Representation ID: 3184

Received: 16/12/2019

Respondent: Nash Parish Council

Legally compliant? No

Sound? No

Representation Summary:

The extent of the changes and the predicted need for early modification suggests previous consultations are invalid and an ineffective use of resources.
The introduction of Shenley Park (MMM076) is strongly opposed. It threatens the MK/AVDC boundary; promotes the extension of MK and could potentially destroy Whaddon Chase.
Alternative areas for MK development and boundary changes are suggested.

Change suggested by respondent:

Not stated

Full text:

Comments on the VALP modifications based on the documents "MASTER Draft Submission VALP - FINAL with maps low res", 318 pages, "All modifications 011019", 169 pages, and "Corrections to Mod table rev 011019", 76 pages, from AVDC.
As a general observation, the extent of the changes, involving some 245 pages of notes, to an original document of 318 pages, surely strikes at the very heart of the validity of the VALP and distorts it to an extent where the previous public consultation is surely now invalid. The publicly acknowledged admission by AVDC that when approved VALP would have to be modified within 5 years, well before its expected scope termination of 2033, would seem to indicate that the whole exercise is a waste of time and resources.

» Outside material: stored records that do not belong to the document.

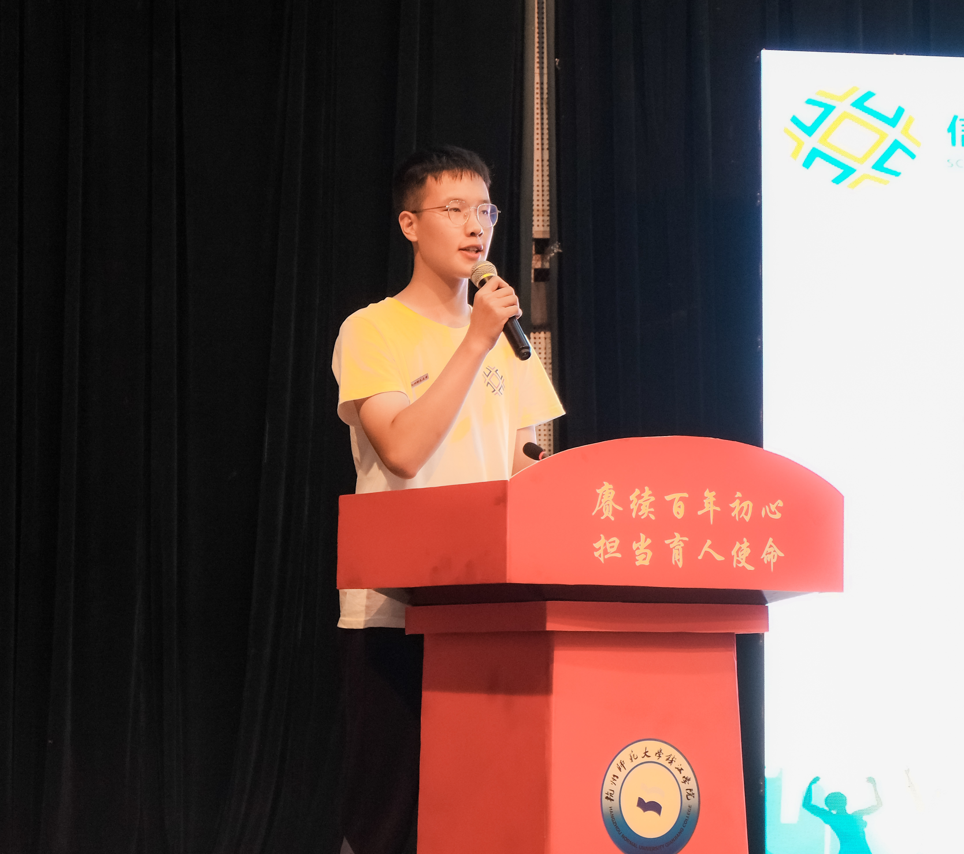 计算机类218班宋向博同学作为新生代表发言,作为有幸见证国家富强与民族复兴的一代,应当树立远大理想,确立人生航向,作为崭新的师大“信”人,更应当把握时代脉搏,在最美的时代书写最灿烂的篇章。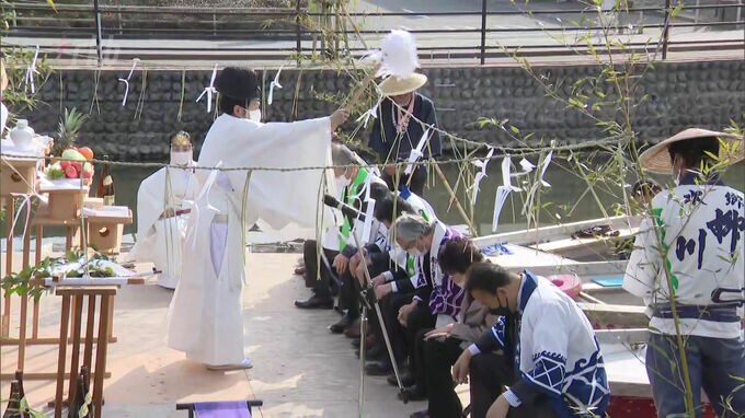 福岡県柳川市隅町の特設会場ではけさ、川下りの事業者や観光協会の関係者など約40人が集まり、どんこ舟2隻で作った祭壇に1年間の安全を祈願しました。新型コロナウイルスが流行して以降、「お堀開き」は神事のみ執り行われていましたが、今年は4年ぶりに川下りを実施するなど柳川に活気が戻ってきました。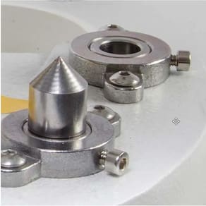 Máquina eletrônica com motor Direct Drive e painel digital com regulagem da força de impacto. Permite o uso de 3 matrizes diferentes para pregar botões, ilhós e rebites. Possui acionamento por pedal, luminária, laser e anel de segurança. Inclui mesa e motor.Funções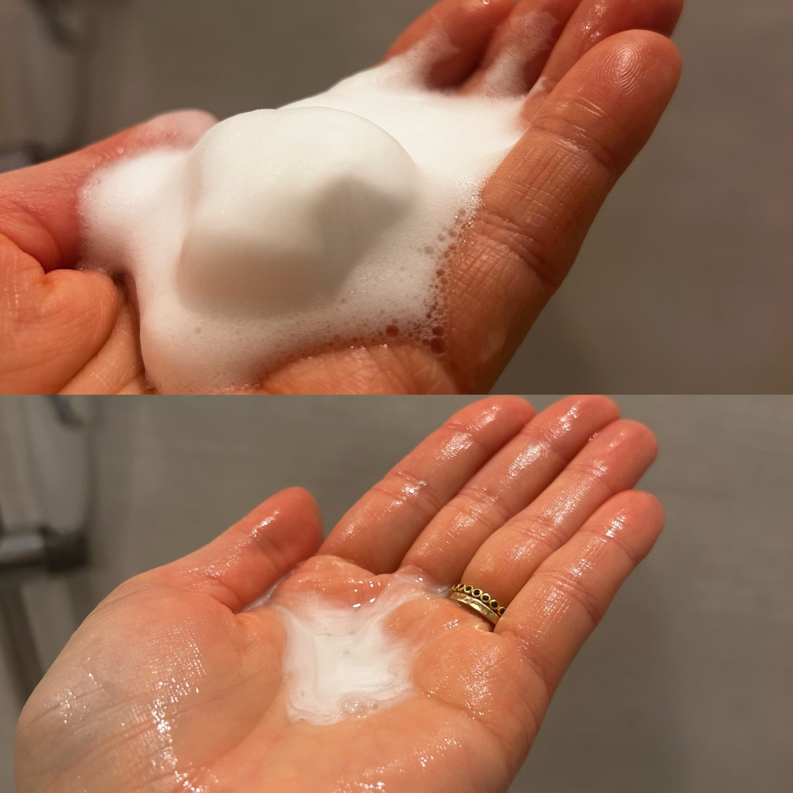 大人は、液体タイプ「マー&ミー ピュアスキン ボディソープ」を使用していますが、ボディタオルで泡立てるとふわっふわに。両方とも柔らかい洗い心地なので親子で気に入っています♪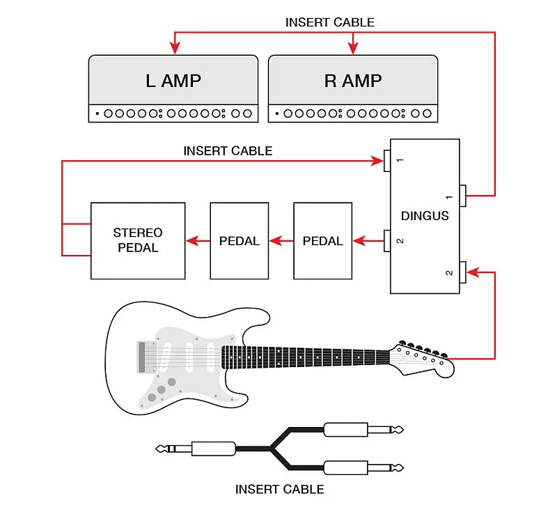 Dingus ¼” Feed-Thru adds easy-access audio cable connectivity to a Voodoo Lab Dingbat® pedalboard. This handy add-on works for both mono and stereo connections and installs beneath either side of a Dingbat pedalboard. From simple guitar and amp connections to more complex stereo and effects loop setups, Dingus makes cable routing clean and convenient.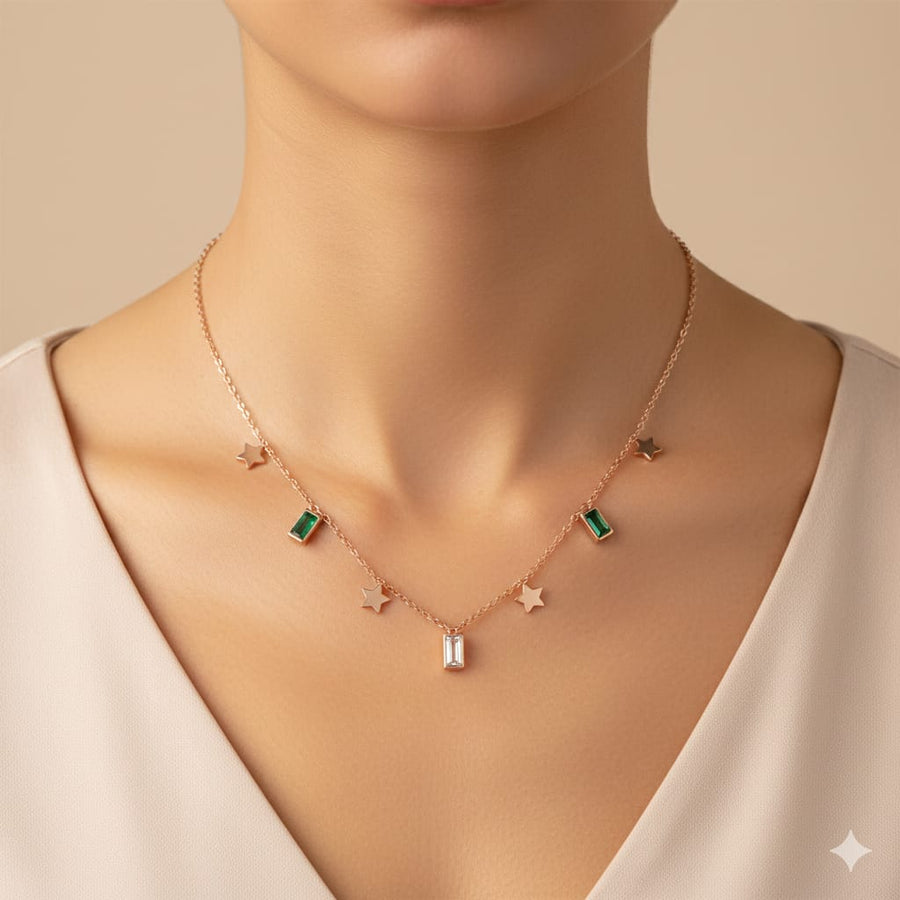 Star 18k Gold Plated Necklace for Women | Elegant Gold, Pearl & Diamond Style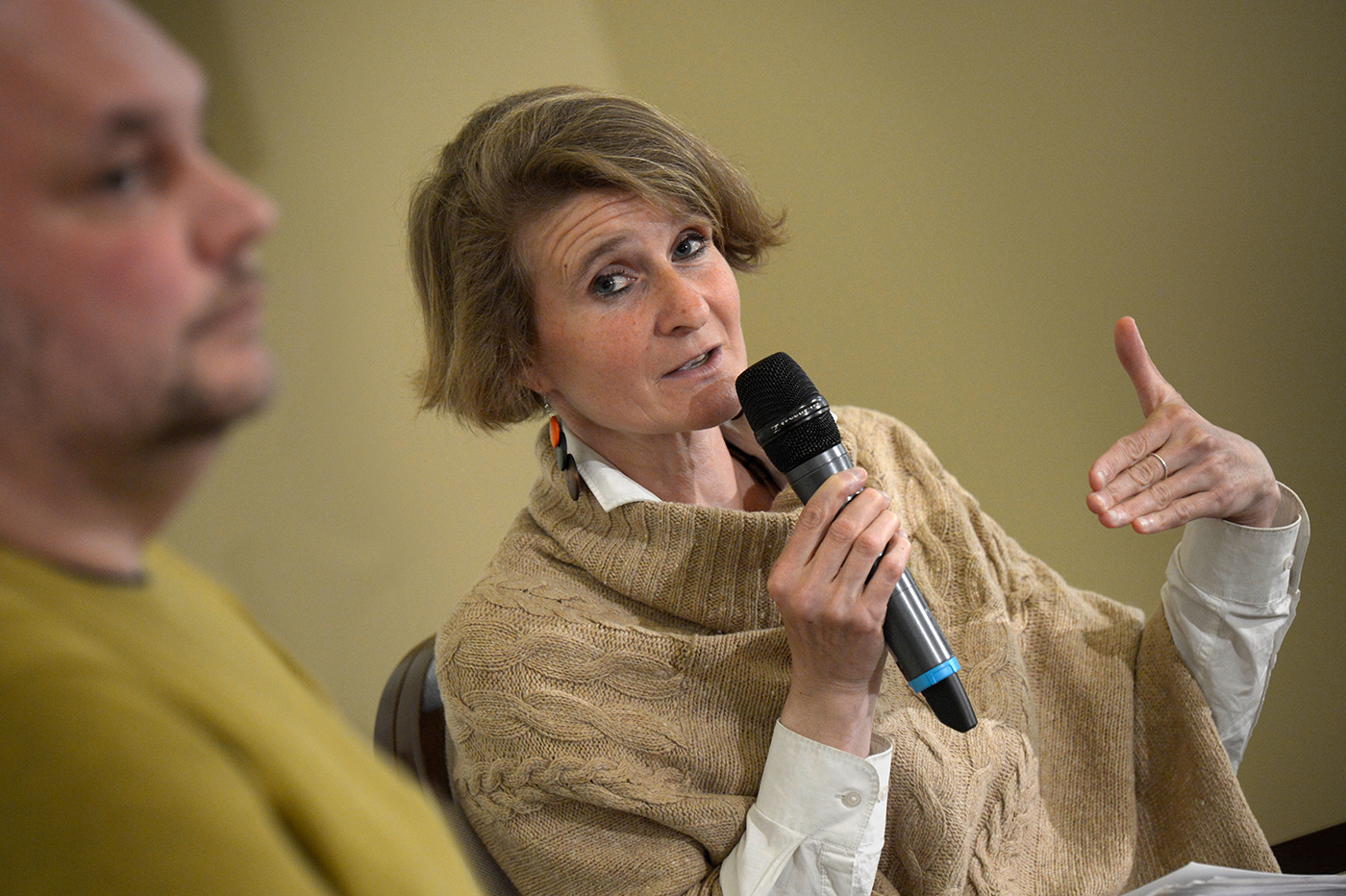 Martha C. Nussbaum Költői igazságszolgáltatás című könyvéről a kötet fordítójával, Pápay Györggyel beszélgetett Horkay Hörcher Ferenc. Mint az kiderült, Nussbaumot a szabályvezérelt, morált követő filozófiával való szembenállás jellemzi. Leginkább a filozófia és az irodalom kapcsolata, illetve az irodalom filozófiája érdekli a szerzőt, ebből a szempontból Murdoch tanítványának is tekinthető, a kötetből pedig választ kaphatunk ismertségük kezdetére. A filozófus szakértője a különböző antik szerzőknek, többek közt rengeteget foglalkozott Arisztotelész munkásságával. Meglátása szerint nem a szabálykövető tevékenység, hanem a jellemformálás, az erények formálása lenne a cél. A legfontosabb felvetése a filozófia és az irodalom határátlépésével kapcsolatban az emberi természet tökéletesíthetőségének ténye, azaz a benne meglévő hiányosságok, amelyek egyúttal az emberi természet javíthatóságát is jelentik. Ugyanakkor nem csak azért lehetnek az irodalmi művek érdekesek, mert példát mutatnak a gondolkodásra és a helyes életre: gyakran az azonosulás segít megérteni bizonyos döntéseket, ezáltal az irodalom egy megfelelő eszköz lehet arra, hogy tisztán lássunk egy adott helyzetet, akár jogi szempontból is.

If this exercise is to be continued Nash Parish Council needs to register its dissatisfaction with the modification listed below in particular. This does not mean Nash Parish Council is in agreement with all the other modifications but merely that this change introduces the most glaring lack of consistency and connected planning in the 245 pages of changes.
MM076 introduces Shenley Park as a necessary site for over 1100 houses, with a potential of 2000, and also promises a defensible Milton Keynes boundary - which it clearly is not. Nash Parish Council rejects any proposal to develop this area.
The importance of a well-defined Milton Keynes boundary has previously been tested during the "development over the ridge" planning action in 2004, when the inspector supported the view that Milton Keynes development should not extend beyond the North Bucks Way. This boundary is included in the current Milton Keynes adopted plan, Plan:MK Adopted Version (March 2019), where it is further confirmed by policy to leave the area to the north of Shenley Park as open countryside. The importance of a well-defined boundary was reiterated in the VALP under the Salden Chase proposal, a paragraph since deleted under MM072, but reappears at several new points in the examination changes. Any development by AVDC, or the subsequent Buckinghamshire Unitary, on their side of the boundary produces an unsustainable situation where council tax and house build premiums are diverted to Buckinghamshire which should clearly go to Milton Keynes whose facilities will be used by residents of such development. Even rubbish collection will be inefficient, going only to the boundary from where another organisation continues. This can only lead in the long run to acknowledgement of the situation and the extension of the Milton Keynes boundary to include such development. Thus, far from providing a defensible boundary it actually promotes the extension of Milton Keynes. In the Shenley Park case, as the development fills the space between Milton Keynes and the Whaddon residential area, there would then be a good case to include the whole of Whaddon Parish within Milton Keynes, which would completely destroy the historic Whaddon Chase.
In a well-ordered planning system, it would be acknowledged that there will inevitably be areas on the edge of Milton Keynes where the original boundary was incorrect for political reasons, and now, due to developments, should logically be expanded. For example, in the Eaton Leys area, south of Milton Keynes, where Milton Keynes proposes to develop their part of what is logically a much larger development opportunity, the remainder is 'owned' by AVDC. Similarly, Newton Leys could logically be extended. But wherever AVDC places development on the edge of Milton Keynes it will produce conflict. Milton Keynes, as a separate planning authority, will have organised infrastructure to cater for only its own planned development. Developments close to Milton Keynes distort the approved local plans. A well-ordered planning system would acknowledge this and cede weak areas to Milton Keynes so that development is made to Milton Keynes standards, with taxes supporting the correct authority, and facilities and infrastructure supplied by the correct authority. In exchange AVDC should receive a credit for the house numbers Milton Keynes built on the land so they do not suffer the housing shortfall. Thus, where there is a strong logical boundary, such as Shenley Park, this should be maintained, and where the boundary is weak, such as the Eaton Leys, Newton Leys and Salden Chase, areas should be offered to Milton Keynes for development as Milton Keynes extensions in exchange for house number credit.
Nash Parish Council also believes that the legal grounds for introducing the Shenley Park development proposal at such a late stage are dubious. It is certainly an unfair and unjust move. The area has been selected in a panic driven bid to increase house numbers. It was previously rejected as unsuitable during the preparation of the VALP but is now proposed as the obvious choice with minimal investigation of the alternatives. The site sustainability has only been reinvestigated now after its selection. A current sustainability survey should have been made to compare alternatives in order to select the best not in order to confirm a dubious decision. At the very least this proposal should be given a public examination due to the far-reaching implications for the geographical area.